Our Solution: The UCR Secure Enclave
The UCR Secure Enclave is the official campus environment purpose-built to meet the technical controls required by NIST 800-171 Rev 2 and handle NIH dbGaP data. By using the UCR Secure Enclave, your lab is operating in an environment that provides the necessary technical foundation to meet CMMC Level 2 controls, enabling you to pursue DoD-funded research.
How to Proceed
Navigating these requirements is complex. If your grant proposal or DUA mentions NIST 800-171 Rev 2, CMMC Level 2, or NIH dbGaP, please contact us immediately. We will work with you and the Information Security Office to develop the required Data Security Plan (DSP).
Important: Due to the significant security and monitoring overhead, the UCR Secure Enclave is a premium Tier 2 (Direct Recharge) service and requires a grant-funded Chart of Accounts (COA).

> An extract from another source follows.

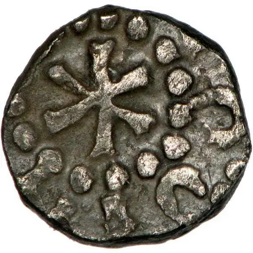 | Descripción del anverso | Cross with 6 arms withint a beaded circle; legende around (undecipherable). |

Computing Resources and Security Classifications
Resource Type
Resource
Description
Top Security Classification
Remarks
Compute
High-Performance Computing Center (HPCC)
A key resource for intensive computational tasks.
P3
Suitable for a broad range of research workflows.
Compute
GCP Tier 2 Recharge
Standard secure Google Cloud project shells.
P4
Requires a grant-funded COA. Standard P3/P4 data.
Compute
UCR Secure Enclave (GCP)
Highly specialized, locked-down GCP environment.
P4 / NIST 800-171 Rev 2 / CMMC Level 2
Tier 2 Recharge. Required for NIH dbGaP, DoD, DOE.
Compute
CHASS Server Room
On-premise secure physical hosting.
P4
Strictly limited to CHASS researchers. No office workstations.
Storage
HPCC-GPFS Cluster Storage
High-performance cluster storage attached to the HPCC.
P3
High-speed, parallel computing storage suitable for compute-intensive tasks.
Storage
Ceph Secure Research Storage
Scalable, resilient storage solution designed for diverse research needs.
P3
Upcoming enhancement to UCR’s research computing infrastructure.
Storage
UCR Google Drive
Cloud-based storage solutions for collaboration.
P3
P3 data allowed with strict sharing controls. P4 generally prohibited unless authorized by ISO.
Collaboration for Security
Collaborating with UCR’s Research Computing Team ensures that your research projects are secure and compliant with the latest data protection standards. Our team is dedicated to supporting UCR researchers in navigating the complexities of research security, offering tailored solutions that meet the unique needs of each project.